Title: Excel Forces Scientists to Rename Genes
Post by: Ben on August 07, 2020, 10:08:06 AM
Interesting article, and you have to wonder how many things have slipped by in this and other fields that rely on the database.

https://www.theverge.com/2020/8/6/21355674/human-genes-rename-microsoft-excel-misreading-dates
Title: Re: Excel Forces Scientists to Rename Genes
Post by: WLJ on August 07, 2020, 10:46:32 AM
No one thought of merely formatting the cells so as to not do this?  Takes all of 3 seconds to do the entire spreadsheet, done.
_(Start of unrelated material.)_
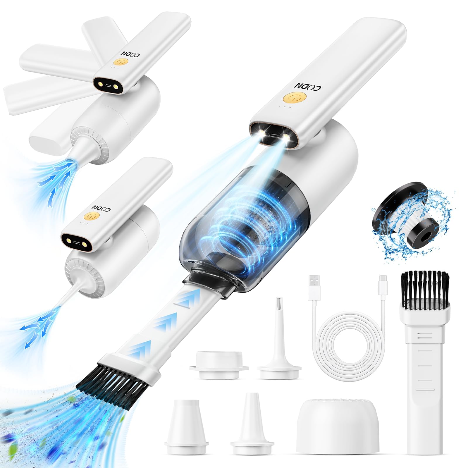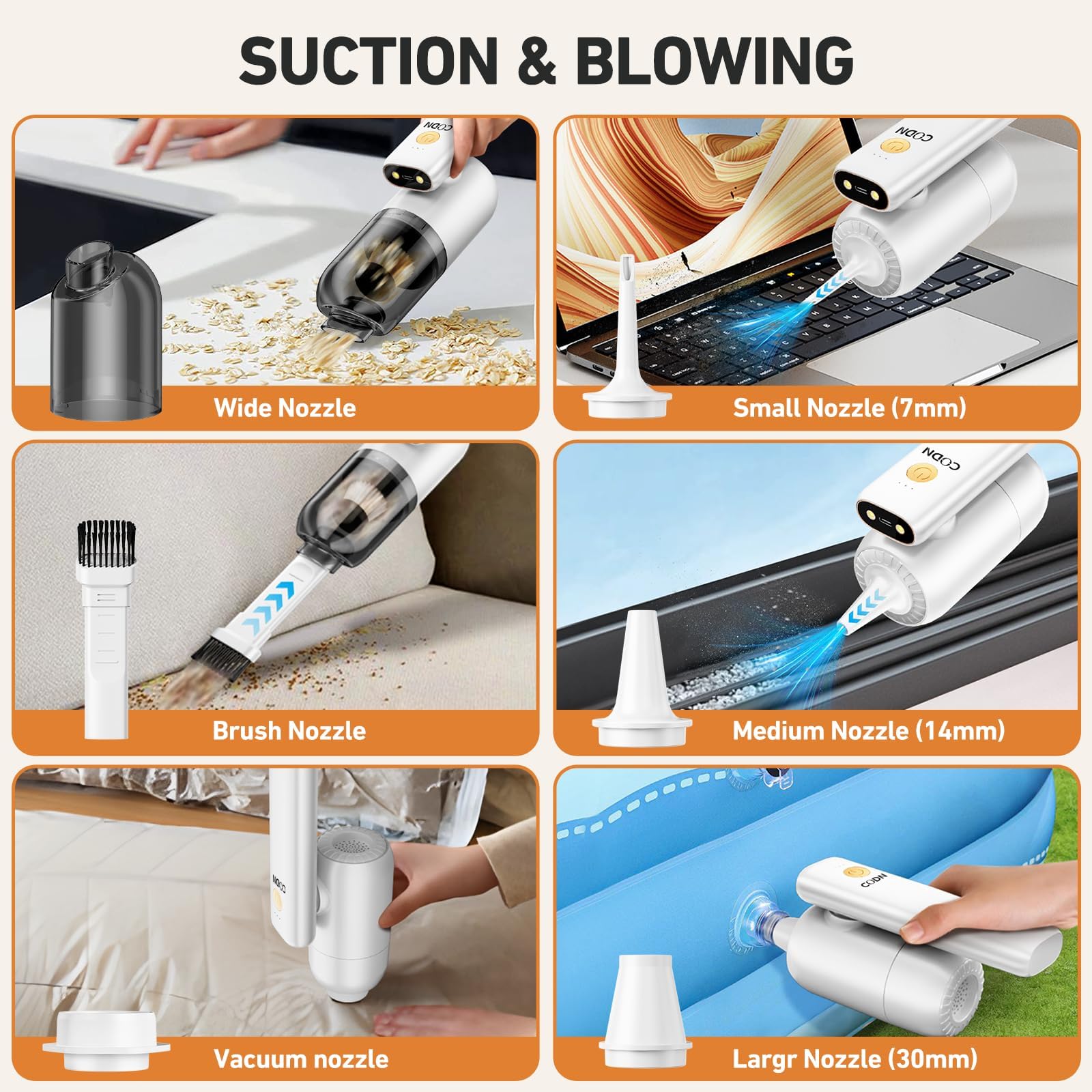 • ⚡ 【 4IN1 MULTIFUNCTIONAL CORDLESS VACUUM CLEANER 】 The mini vacuum cleaner is equipped with four functions: suction, blowing, inflation and vacuuming. Strong suction power to thoroughly clean every inch of space. Unique blowing design, to deal with different cleaning challenges. Smart inflatable, inflate swimming ring etc. Highly efficient air bleed nozzle, a simple solution to the problem of storage. The vacuum cleaner collector makes the dust in all places have nowhere to hide.

You can even do it after the fact :facepalm:
Title: Re: Excel Forces Scientists to Rename Genes
Post by: Pb on August 07, 2020, 10:50:22 AM
No one thought of merely formatting the cells so as to not do this?  Takes all of 3 seconds to do the entire spreadsheet, done :facepalm:

I would like to know how to do that.  That has been very annoying.
Title: Re: Excel Forces Scientists to Rename Genes
Post by: WLJ on August 07, 2020, 10:52:53 AM
From the Home Tab:  Format --> Format Cells --> Text

You can do just a single cell or a selection of cells or an entire column or roll or the entire spreadsheet at a time.
Title: Re: Excel Forces Scientists to Rename Genes
Post by: zahc on August 07, 2020, 10:58:56 AM
No one thought of merely formatting the cells so as to not do this?  Takes all of 3 seconds to do the entire spreadsheet, done. You can even do it after the fact :facepalm:

If only it were that easy. That's the way it SHOULD work, and sometimes it's the way it does work. But there are also bugs in Excel that have persisted for decades, where data is converted upon importing it. The data is mangled and cannot be recovered. Nobody wants this behavior and there is no reason for it, but it's a very common problem.

In a sane spreadsheet, the source data and the human representation of the data should be two separate things. It should always be possible just to change the formatting if you don't like it. The spreadsheet should never over-write the source data unless the user explicitly changes it through the formula bar. Did you notice how many times I said "should"? In reality, Excel irreversibly mangles certain data in a way that you cannot recover it. This happens mostly when importing data and people have been complaining about it for literally decades. What the researchers are doing is probably the right thing. I take that back; the right thing is to not use Excel. So what they are doing is the pragmatic thing. The entire scientific community changing it's practices is more likely than Microsoft fixing bugs in Excel.


Quote
You can do just a single cell or a selection of cells or an entire column or roll or the entire spreadsheet at a time.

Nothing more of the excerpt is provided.